Complete Configuration Reference#

Top-Level Parameters#

strategy: The synthesis strategy to use (currently only GENERAL is supported)
num_samples: Number of synthetic samples to generate
output_path: Path where the generated dataset will be saved (must end with .jsonl)
strategy_params: Parameters specific to the synthesis strategy
inference_config: Configuration for the model used in generation

Strategy Parameters#

The strategy_params section defines the core synthesis logic:

Input Sources#

You can provide data from multiple sources:

input_data: Existing datasets to sample from

input_data:
  - path: "hf:dataset_name"  # HuggingFace dataset
    hf_split: train
  - path: "/path/to/local/data.jsonl"  # Local file
    attribute_map:
      old_column_name: new_attribute_name

input_documents: Documents to segment and use in synthesis

input_documents:
  - path: "/path/to/document.pdf"
    id: my_doc
    segmentation_params:
      id: doc_segment
      segment_length: 2048
      segment_overlap: 200

input_examples: Inline examples for few-shot learning

input_examples:
  - examples:
    - attribute1: "value1"
      attribute2: "value2"
    - attribute1: "value3"
      attribute2: "value4"

Attribute Types#

Sampled Attributes: Randomly selected values from predefined options

sampled_attributes:
  - id: difficulty
    name: Difficulty Level
    description: How challenging the question should be
    possible_values:
      - id: easy
        name: Easy
        description: Simple, straightforward questions
        sample_rate: 0.4  # 40% of samples
      - id: medium
        name: Medium
        description: Moderately challenging questions
        sample_rate: 0.4  # 40% of samples
      - id: hard
        name: Hard
        description: Complex, advanced questions
        # No sample_rate specified = 20% (remaining)
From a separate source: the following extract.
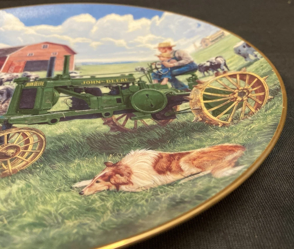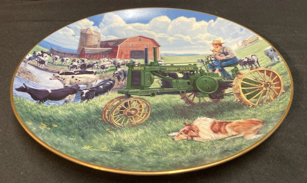 This 8” round collector plate titled “Days of Splendor" by Mort Kunstler captures a nostalgic scene of farming with a John Deere tractor and cows. The plate is pre-owned and comes in good, clean condition with no chips, cracks, or breaks. Please see pictures for details. If you have any questions or concerns, please do not hesitate to contact us. Check out our other items and message us if interested in more than one listing as combining items could save you money on shipping.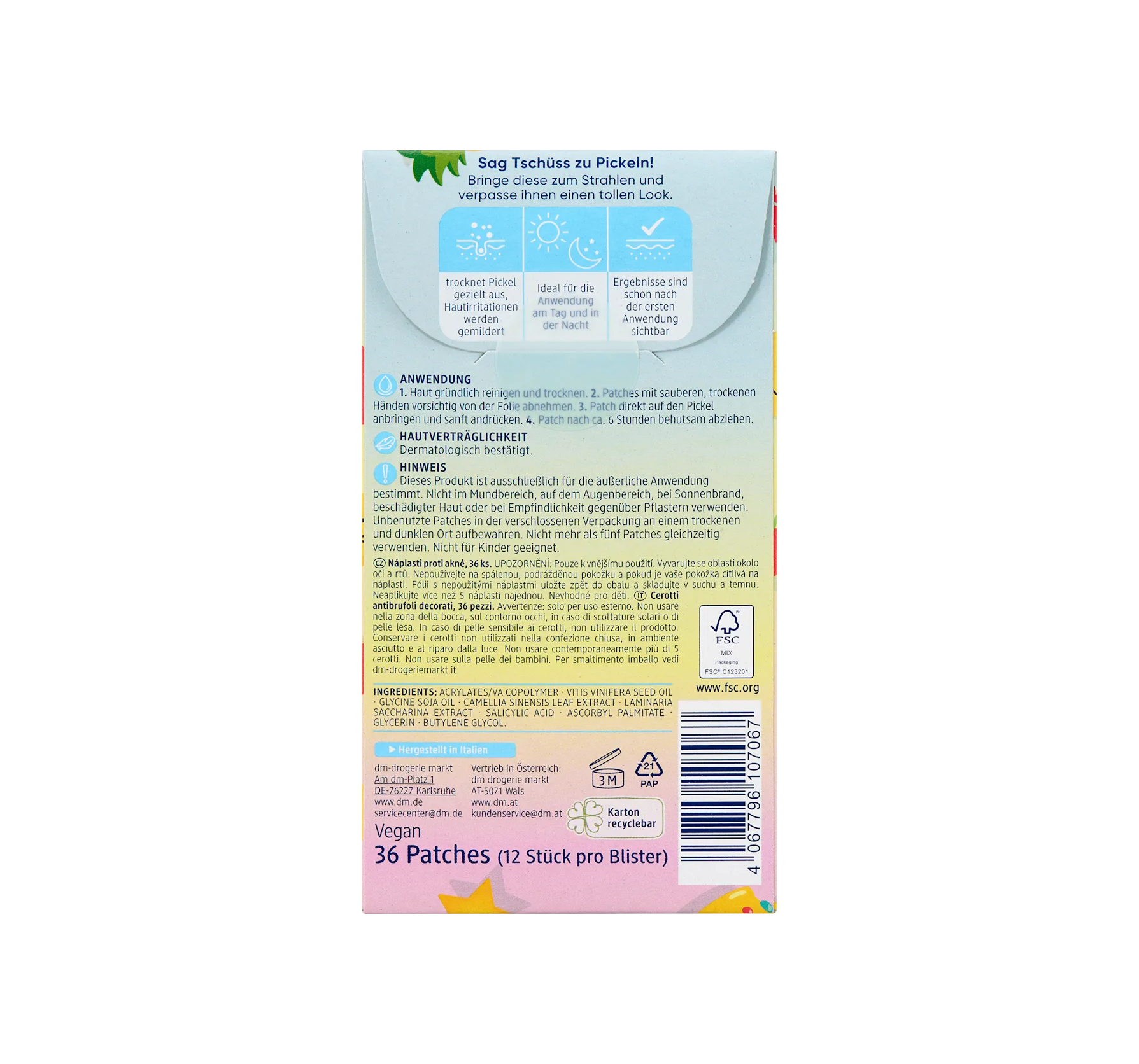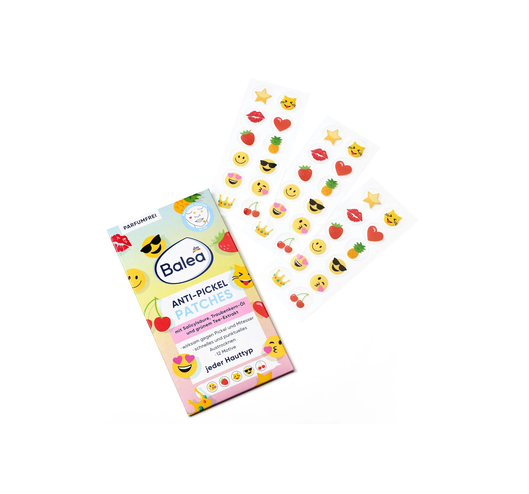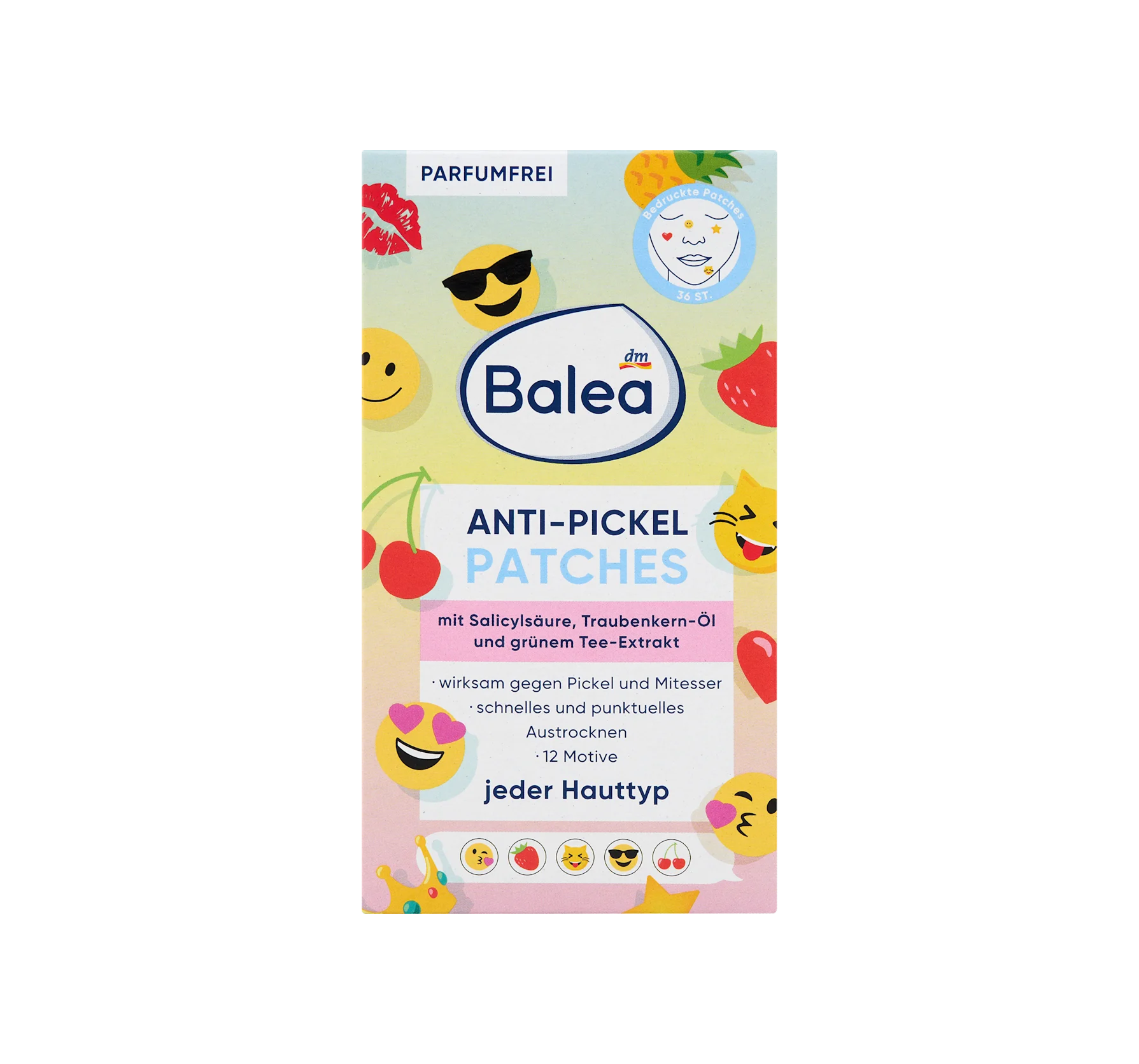 Balea's printed anti-pimple patches offer a targeted solution for quickly drying out pimples and blackheads. Results are visible after the first application, and the patches are ideal for both d...

Generated Attributes: Created by LLM using instruction messages

generated_attributes:
  - id: summary
    instruction_messages:
      - role: SYSTEM
        content: "You are a helpful summarization assistant."
      - role: USER
        content: "Summarize this text: {input_text}. Format your result as 'Summary: <summary>'"
    postprocessing_params:
      id: clean_summary
      cut_prefix: "Summary: "
      strip_whitespace: true

Multi-Turn Attributes: Dynamic, variable-length conversations generated turn-by-turn

Unlike generated attributes which produce single values, multi-turn attributes generate full conversations where each turn is produced by the model with the complete conversation history as context. The system automatically plans the conversation, then generates each turn sequentially.

multiturn_attributes:
  - id: support_conversation
    min_turns: 4
    max_turns: 12

    role_instruction_messages:
      USER: |
        You are {customer_name}, a {customer_type.name} customer.
        Your issue: {issue_detail}
        Stay in character and respond naturally.
      ASSISTANT: |
        You are a helpful support agent.
        Be professional and work toward resolving the issue.

    output_system_prompt: |
      You are a helpful support agent.

    conversation_planner: |
      Optional custom instructions for the conversation planner.

Key parameters:

id: Unique identifier for the attribute. The generated conversation is stored under this ID, and a conversation plan is automatically stored under {id}_plan.
min_turns / max_turns: Controls the conversation length range. Each turn is one message (user or assistant).
role_instruction_messages: Per-role instruction templates. Must define both USER and ASSISTANT roles. These templates can reference any previously defined attributes using {placeholder} syntax.
output_system_prompt: Optional system prompt prepended to the final output conversation.
conversation_planner: Optional custom instructions for the conversation planner that generates a turn-by-turn plan before the conversation begins.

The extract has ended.